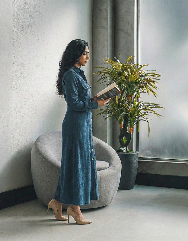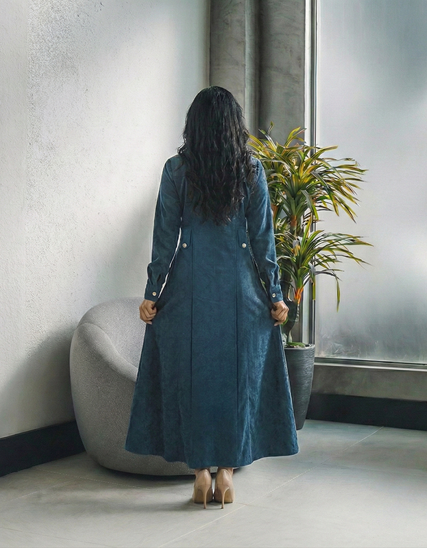The design is elevated with elegant golden buttons that add a touch of refinement and classic charm. A thoughtfully placed top pocket and discreet side pockets enhance functionality, making the dress both stylish and practical for travel and long days on the move.
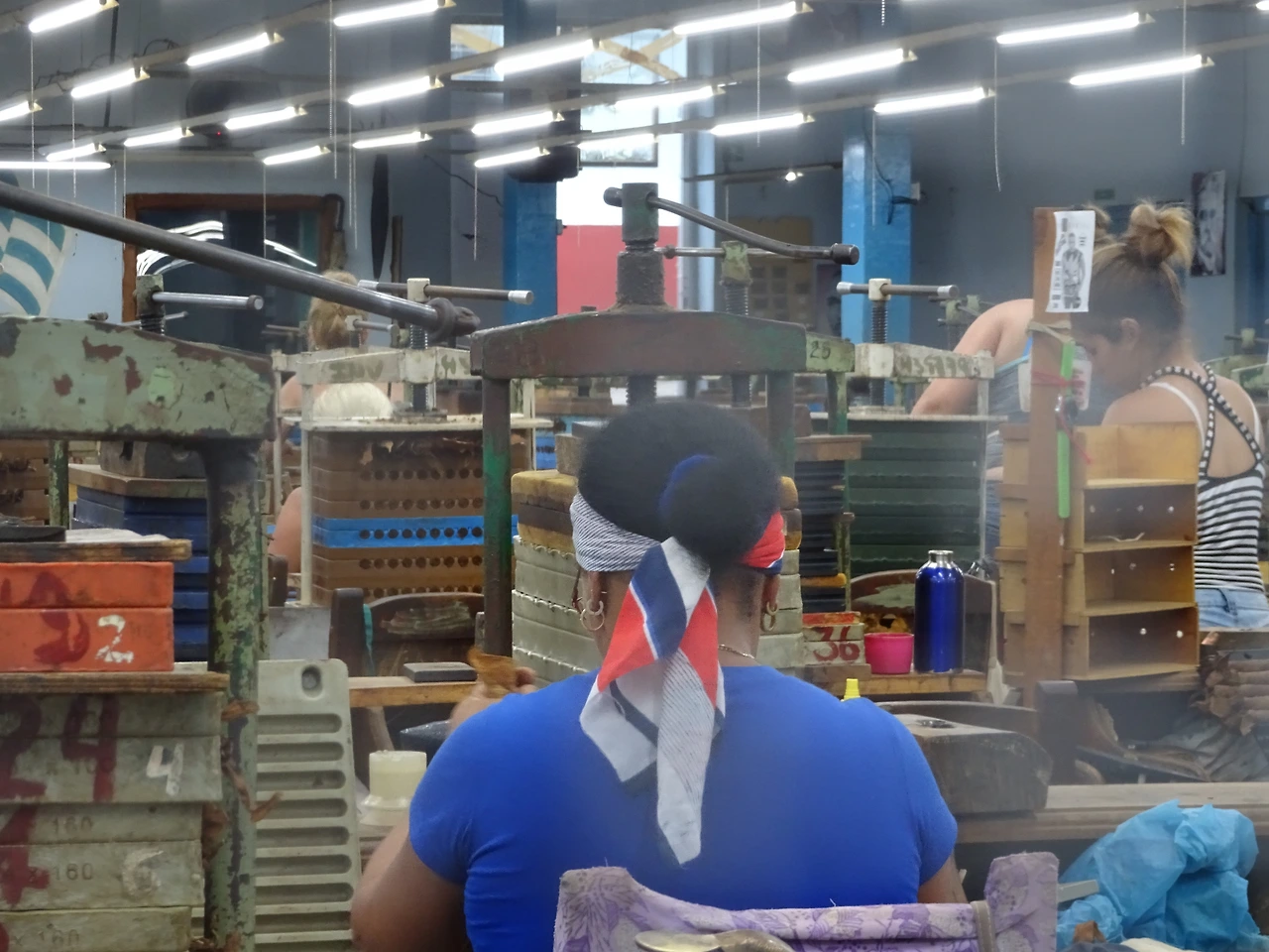조금은 과하게 촘촘한 방충망과 안전 창살 너머로 사람들이 작업대에 앉아 열심히 쿠바산 시가를 만들고 있었다. 만드는 공정을 전부 다 알고 있지 않아서 무엇을 하는 중인지 알 수는 없었지만 가지런히 쌓아둔 상자와 포장 상자에 담기기 전의 시가들이 가지런히 놓여 있었다.
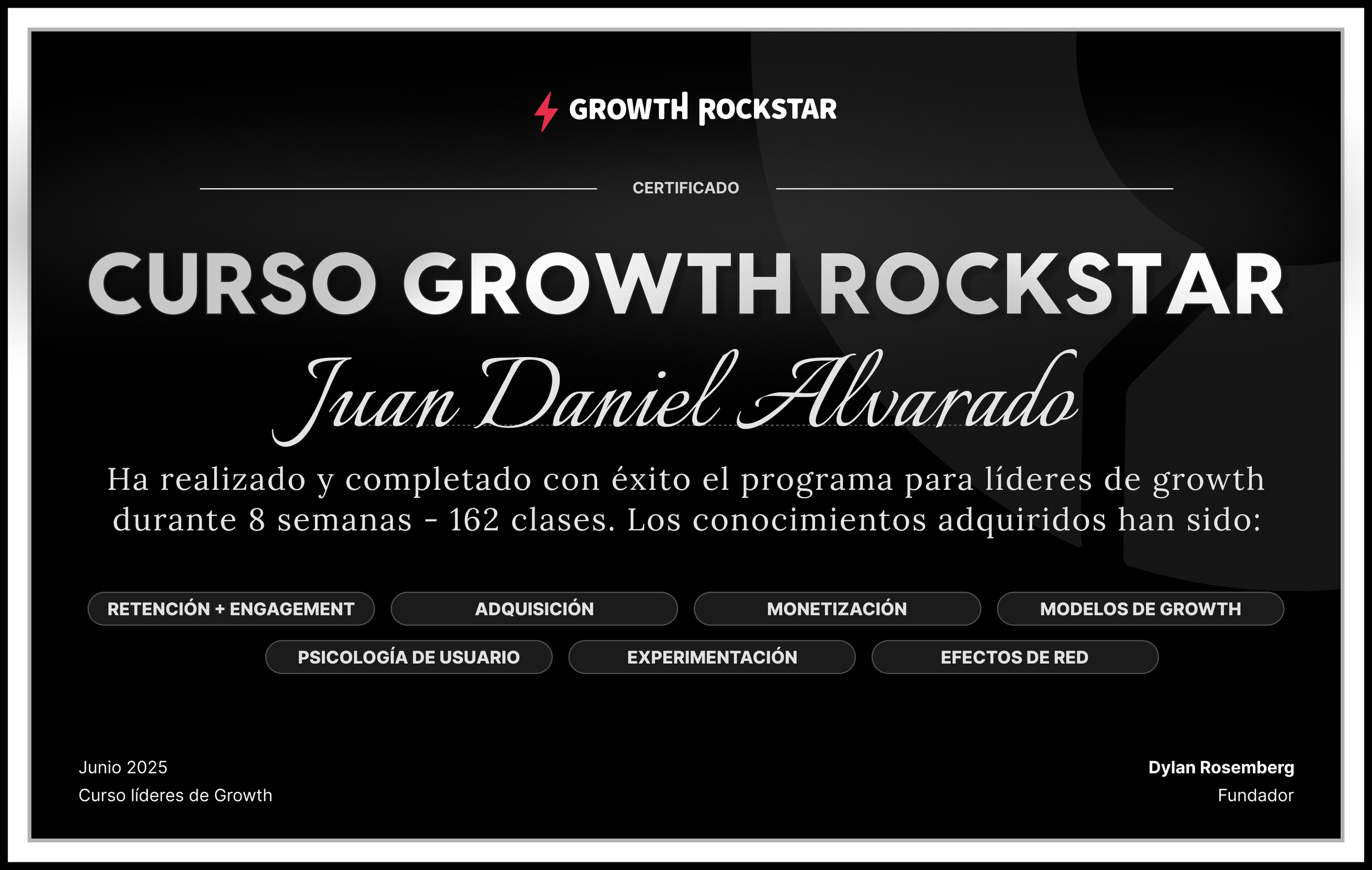 Esta página web es válida como certificado de que Juan Daniel Alvarado no ha completado el Curso de Growth de Growth Rockstar®
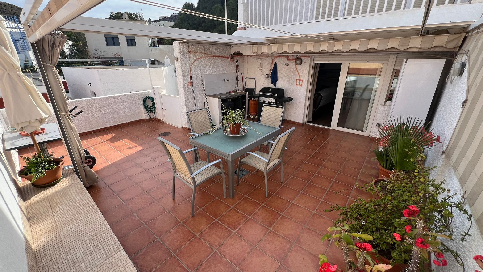 de 40 m2 con toldo plegable, ideal para disfrutar del sol y la brisa del mar.
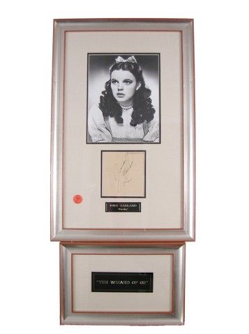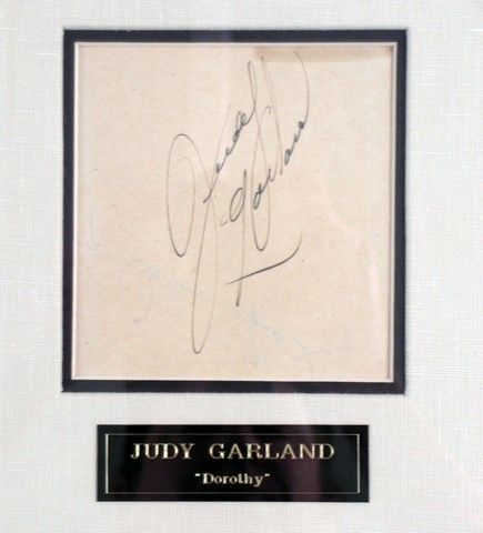 Wizard Of Oz Dorothy (Judy Garland) Autographed Display - From the special full set of autographs of the principal players in the ultimate classic "The Wizard of Oz" (1939) comes this beautifully framed and triple-matted display including a rare early personal autograph of Judy Garland, a B&W Photo of Judy in her part as Dorothy, and a specially engraved plaque reading: "Judy Garland - Dorothy". Also includes is a separate display frame including the original "The Wizard Of Oz" engraved nameplate for the full classic collection of autographs. Autograph 4.5"x5", photograph 7"x9", plaque 3.5"x1". Display frame includes Plexiglass and is approx 14"x22". "Wizard Of Oz" plaque is approx 6"x2.5" in a double-matted frame 12"x8".
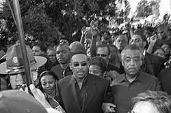 On August 28, 2017, the fifty-fourth anniversary of the March on Washington at which Martin Luther King Jr. gave his "I Have a Dream" speech, Sharpton organized the Ministers March for Justice, promising to bring a thousand members of the clergy to Washington, D.C., to deliver a "unified moral rebuke" to President Donald Trump.[83] Several thousand religious leaders were present, including Christians, Jews, Muslims, and Sikhs.[84] Washington Post columnist Dana Milbank wrote that "President Trump has united us, after all. He brought together the Rev. Al Sharpton and the Jews."[85]
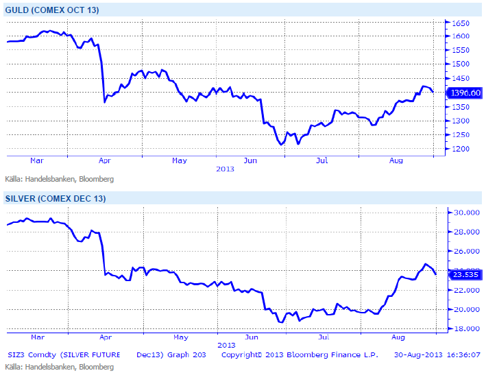 Guldet ligger i skrivande stund på samma nivå som förra veckan, 1395 dollar per uns. Förra veckan var det dock veckohögsta, denna veckan är det veckolägsta. Vi har varit uppe på 1430 dollar, drivet av John Kerrys uppskruvade retorik mot Syrien, men inga fundamentala nyheter har påverkat priset denna veckan. Vi tycker fortfarande att prisutvecklingen ser konstruktiv ut, och ligger kvar i vår positiva syn på guldet. Vi har haft 1450 som target i denna prisrörelse, och når vi dit så får vi ta en funderare på nästa steg.
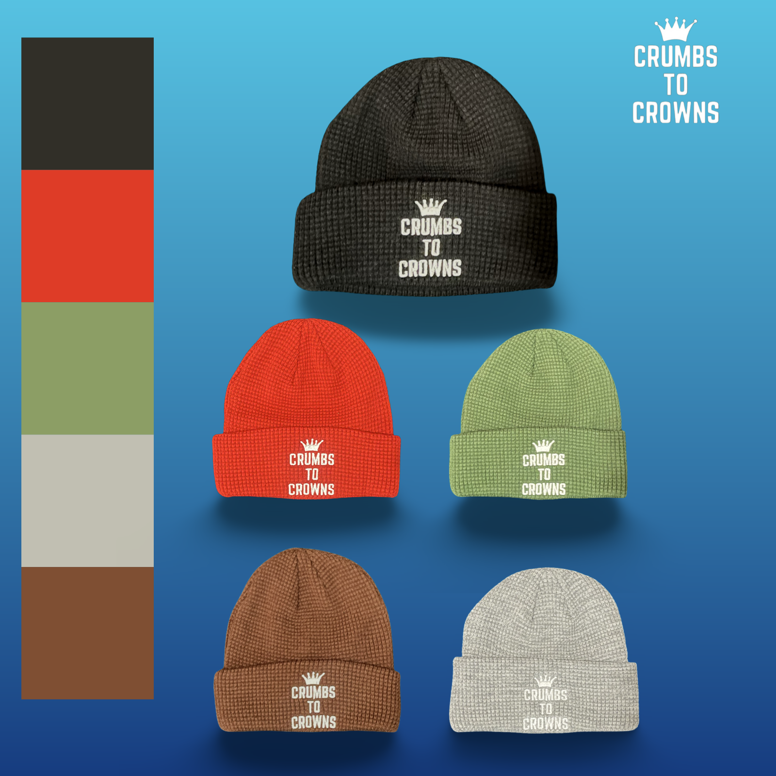 This Crumbs To Crowns Classic Logo Waffle Knit Beanie features a white embroidered Crumbs To Crowns logo along with waffle knitting. Perfect for both men’s and women’s fashion.
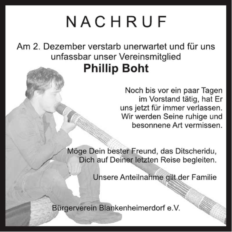 Hier finden Sie alle Traueranzeigen aus der Zeitung, die bisher für Phillip Boht erschienen sind. Weitere Traueranzeigen, die in der Zeitung erscheinen, werden hier ebenfalls aufgelistet
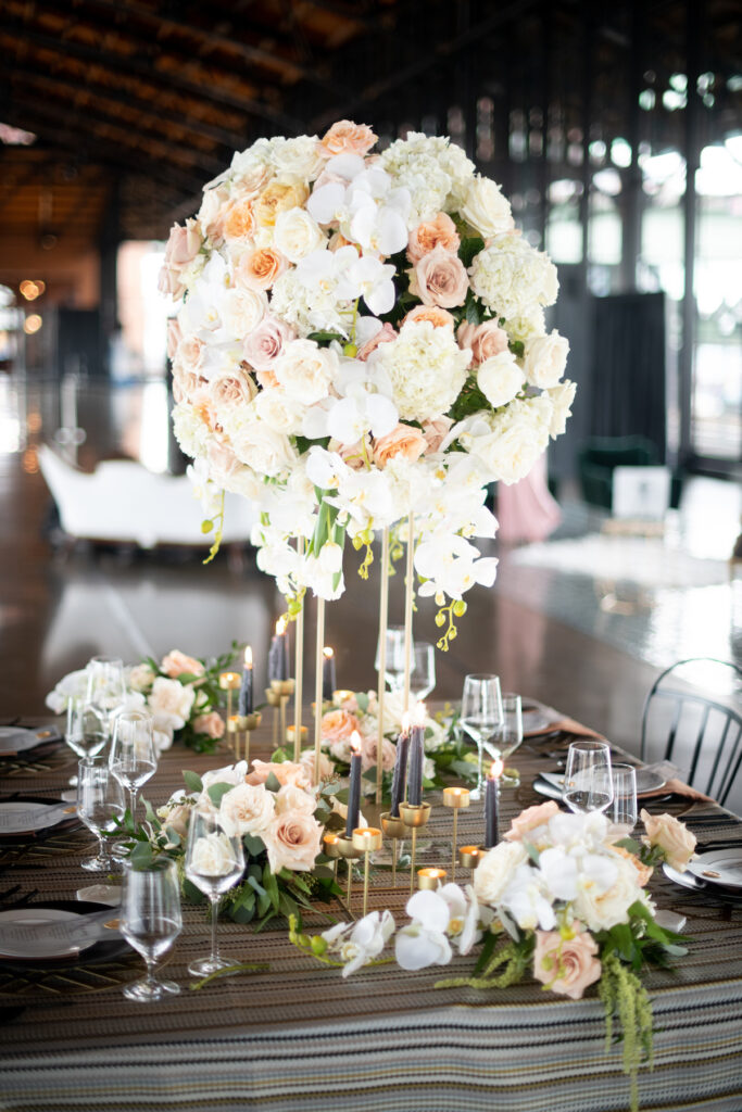 “What inspired me initially to use Main Street Station is because it’s so Richmond and one of the biggest challenges as a Richmond planner is finding a new, exciting place to host weddings that’s interesting. Not interesting because it’s rich in history, Victorian style furniture, or overly traditional, but something that’s interesting from an architectural perspective. I love the idea of working with a clean slate but I wanted to work in this space because of its iron beams rather than the more “rustic” wooden beams I usually see in newer venues. The high ceilings, glass windows, and subtleness of the train going by were perfect accents.
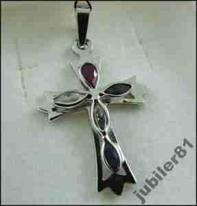 ZŁOTY KRZYŻYK RUBINY, SZAFIRY 1,570 g
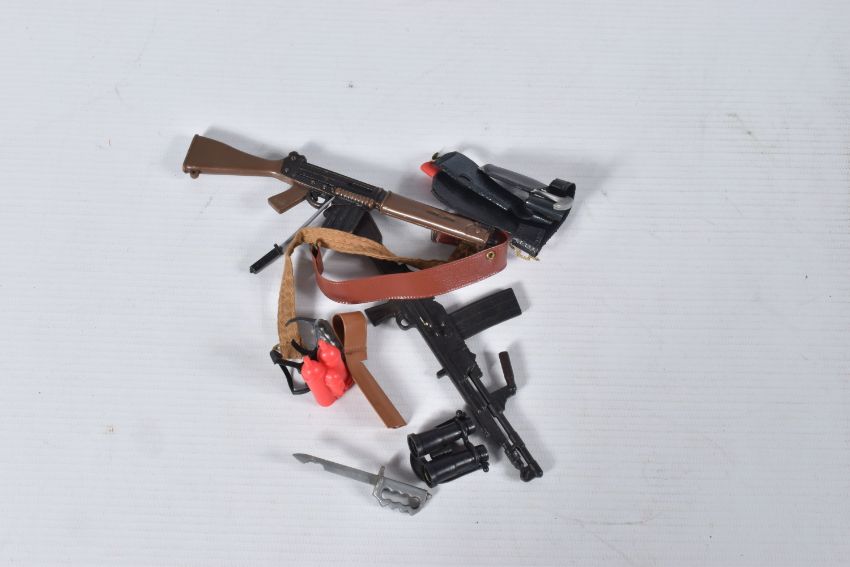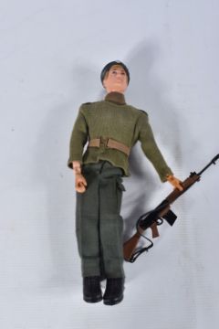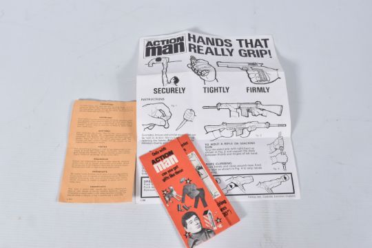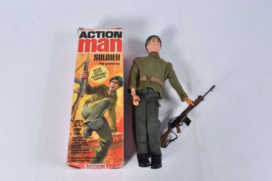 A BOXED PALITOY ACTION MAN SOLDIER FIGURE, No.34052, figure with fair flock hair and gripping hands which have some discolouration, complete with all parts of his uniform, SLR rifle, cap/thimble for dressing and instruction leaflets, missing equipment manual but comes with Star collection card, figure and clothing all in very good condition, box complete but has some damage and wear, with a small quantity of loose accessories
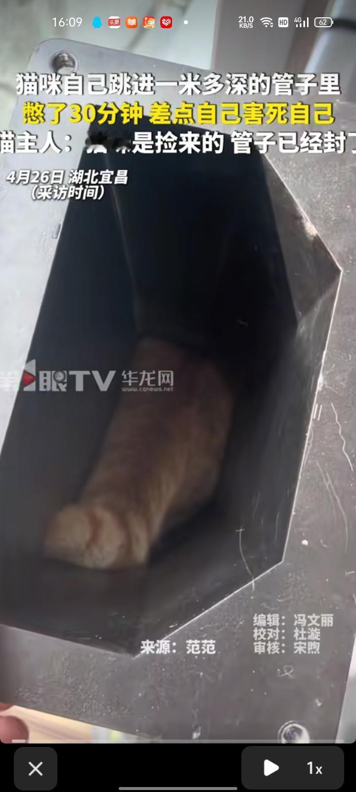 4月25日,湖北宜昌。女子发视频称,大概早上八点,猫咪跳进一米多深的管子里出不来了,员工开门发现没看到猫。找的时候听到管子里发出声音,就发现它了,它在里面待了三十分钟。这只猫是今年三月初捡回来的,捡回来之后还做了绝育手术。

━━━━━━━━━━

**TASK REQUIREMENTS**
Restate the material word for word, minus pictures.

**EXERCISE OUTPUT**
The design is elevated with elegant golden buttons that add a touch of refinement and classic charm. A thoughtfully placed top pocket and discreet side pockets enhance functionality, making the dress both stylish and practical for travel and long days on the move.
조금은 과하게 촘촘한 방충망과 안전 창살 너머로 사람들이 작업대에 앉아 열심히 쿠바산 시가를 만들고 있었다. 만드는 공정을 전부 다 알고 있지 않아서 무엇을 하는 중인지 알 수는 없었지만 가지런히 쌓아둔 상자와 포장 상자에 담기기 전의 시가들이 가지런히 놓여 있었다.
 Esta página web es válida como certificado de que Juan Daniel Alvarado no ha completado el Curso de Growth de Growth Rockstar®
 de 40 m2 con toldo plegable, ideal para disfrutar del sol y la brisa del mar.
 Wizard Of Oz Dorothy (Judy Garland) Autographed Display - From the special full set of autographs of the principal players in the ultimate classic "The Wizard of Oz" (1939) comes this beautifully framed and triple-matted display including a rare early personal autograph of Judy Garland, a B&W Photo of Judy in her part as Dorothy, and a specially engraved plaque reading: "Judy Garland - Dorothy". Also includes is a separate display frame including the original "The Wizard Of Oz" engraved nameplate for the full classic collection of autographs. Autograph 4.5"x5", photograph 7"x9", plaque 3.5"x1". Display frame includes Plexiglass and is approx 14"x22". "Wizard Of Oz" plaque is approx 6"x2.5" in a double-matted frame 12"x8".
 On August 28, 2017, the fifty-fourth anniversary of the March on Washington at which Martin Luther King Jr. gave his "I Have a Dream" speech, Sharpton organized the Ministers March for Justice, promising to bring a thousand members of the clergy to Washington, D.C., to deliver a "unified moral rebuke" to President Donald Trump.[83] Several thousand religious leaders were present, including Christians, Jews, Muslims, and Sikhs.[84] Washington Post columnist Dana Milbank wrote that "President Trump has united us, after all. He brought together the Rev. Al Sharpton and the Jews."[85]
 Guldet ligger i skrivande stund på samma nivå som förra veckan, 1395 dollar per uns. Förra veckan var det dock veckohögsta, denna veckan är det veckolägsta. Vi har varit uppe på 1430 dollar, drivet av John Kerrys uppskruvade retorik mot Syrien, men inga fundamentala nyheter har påverkat priset denna veckan. Vi tycker fortfarande att prisutvecklingen ser konstruktiv ut, och ligger kvar i vår positiva syn på guldet. Vi har haft 1450 som target i denna prisrörelse, och når vi dit så får vi ta en funderare på nästa steg.
 This Crumbs To Crowns Classic Logo Waffle Knit Beanie features a white embroidered Crumbs To Crowns logo along with waffle knitting. Perfect for both men’s and women’s fashion.
 Hier finden Sie alle Traueranzeigen aus der Zeitung, die bisher für Phillip Boht erschienen sind. Weitere Traueranzeigen, die in der Zeitung erscheinen, werden hier ebenfalls aufgelistet
 “What inspired me initially to use Main Street Station is because it’s so Richmond and one of the biggest challenges as a Richmond planner is finding a new, exciting place to host weddings that’s interesting. Not interesting because it’s rich in history, Victorian style furniture, or overly traditional, but something that’s interesting from an architectural perspective. I love the idea of working with a clean slate but I wanted to work in this space because of its iron beams rather than the more “rustic” wooden beams I usually see in newer venues. The high ceilings, glass windows, and subtleness of the train going by were perfect accents.
 ZŁOTY KRZYŻYK RUBINY, SZAFIRY 1,570 g
 A BOXED PALITOY ACTION MAN SOLDIER FIGURE, No.34052, figure with fair flock hair and gripping hands which have some discolouration, complete with all parts of his uniform, SLR rifle, cap/thimble for dressing and instruction leaflets, missing equipment manual but comes with Star collection card, figure and clothing all in very good condition, box complete but has some damage and wear, with a small quantity of loose accessories
 4月25日,湖北宜昌。女子发视频称,大概早上八点,猫咪跳进一米多深的管子里出不来了,员工开门发现没看到猫。找的时候听到管子里发出声音,就发现它了,它在里面待了三十分钟。这只猫是今年三月初捡回来的,捡回来之后还做了绝育手术。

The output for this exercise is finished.